I have reviewed the Supplementary Material, including more qualitative and quantitative results.

与现有文献的关系

The key contributions of the TG-ECNet framework are connected to advancements in three areas of the broader literature: multi-modal image fusion, degradation-aware restoration, and dynamic network architectures.

遗漏的重要参考文献

The key references for image restoration are not included in Sec. 2.2, such as Restormer[1], Prompt IR[2], DGUNet[3], etc.

[1] Zamir, Syed Waqas, et al. "Restormer: Efficient transformer for high-resolution image restoration." Proceedings of the IEEE/CVF conference on computer vision and pattern recognition. 2022.

[2] Potlapalli, Vaishnav, et al. "Promptir: Prompting for all-in-one image restoration." Advances in Neural Information Processing Systems 36 (2023): 71275-71293.

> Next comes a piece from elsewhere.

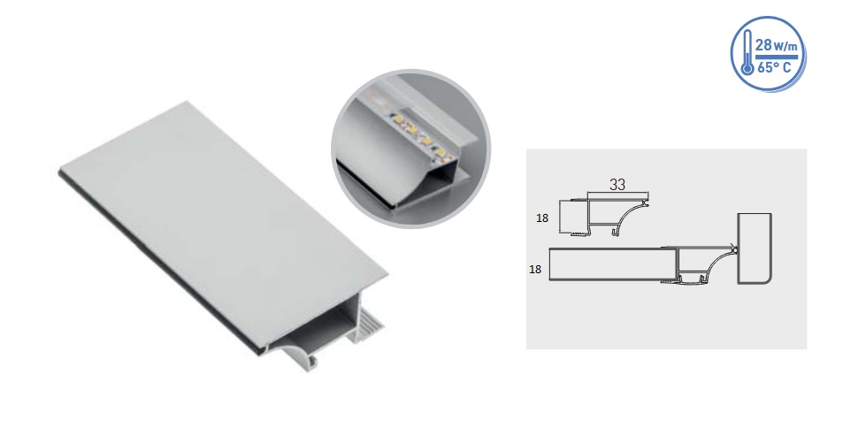 Profils LED lentām, uzliekams uz 18mm materiāla, alumīnijs, garums 2m. Papildus ir nepieciešams ievietot blīvējumu.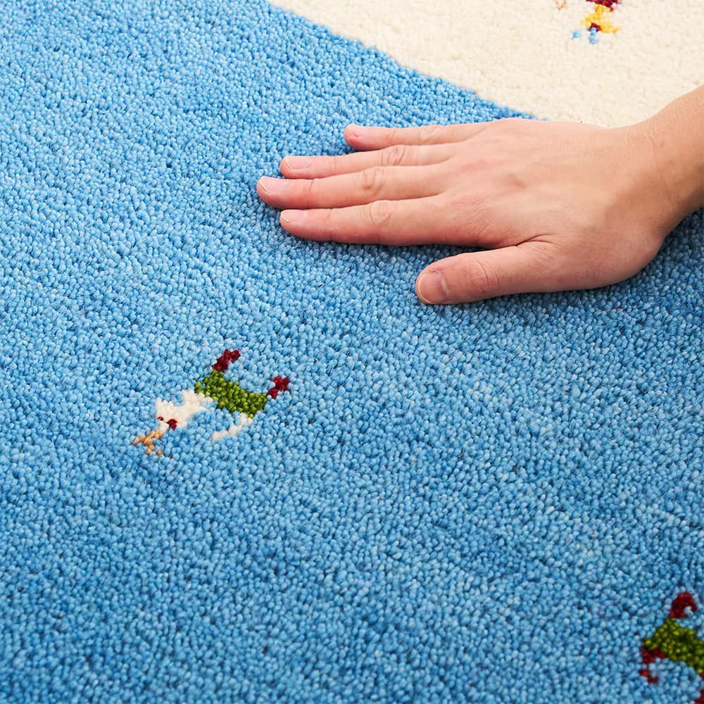 目が詰まった贅沢な織りは、底付き感を感じない、ふかふかもっちりとした弾力のある生地感です。羊の毛は水分と油分を含んでいるので、静電気も起こりにくくほこりを寄せ付けません。

[3] Mou, Chong, Qian Wang, and Jian Zhang. "Deep generalized unfolding networks for image restoration." Proceedings of the IEEE/CVF conference on computer vision and pattern recognition. 2022.

其他优缺点

Strengths:

  1. A novel framework to unifiy image restoration and fusion via a task-gated router and multi-expert collaboration.
  2. Extensive experiments by authors.
  3. The framework demonstrates competitive performance under four degradation scenarios (noise, haze, blur, stripe noise).
  4. The paper also conducts experiments on object detection.

Weaknesses:

  1. This work is still a two-stage method, where the first stage is to restore clean visible images and clean infrared images, and the second stage is to perform image fusion. So why don't I use advanced image restoration algorithms for the first stage? Then, I only need to care about the fusion.
  2. How does the "Degradation-Aware Gating" in Figure 2 for the degraded visible and infrared image work? Is this the same as "Task-Gated Router" in Figure 3?
  3. According to Figure 2, two U-shaped Transformer network are used for visible and infrared images, respectively. Is this understanding right? The details about this Transformer network are missing.

其他意见或建议

Please polish this paper and then seek for possible publication. The current version is somewhat coarse.

作者回复

Thanks for recognizing our contributions in this work. We will reply to your questions in order.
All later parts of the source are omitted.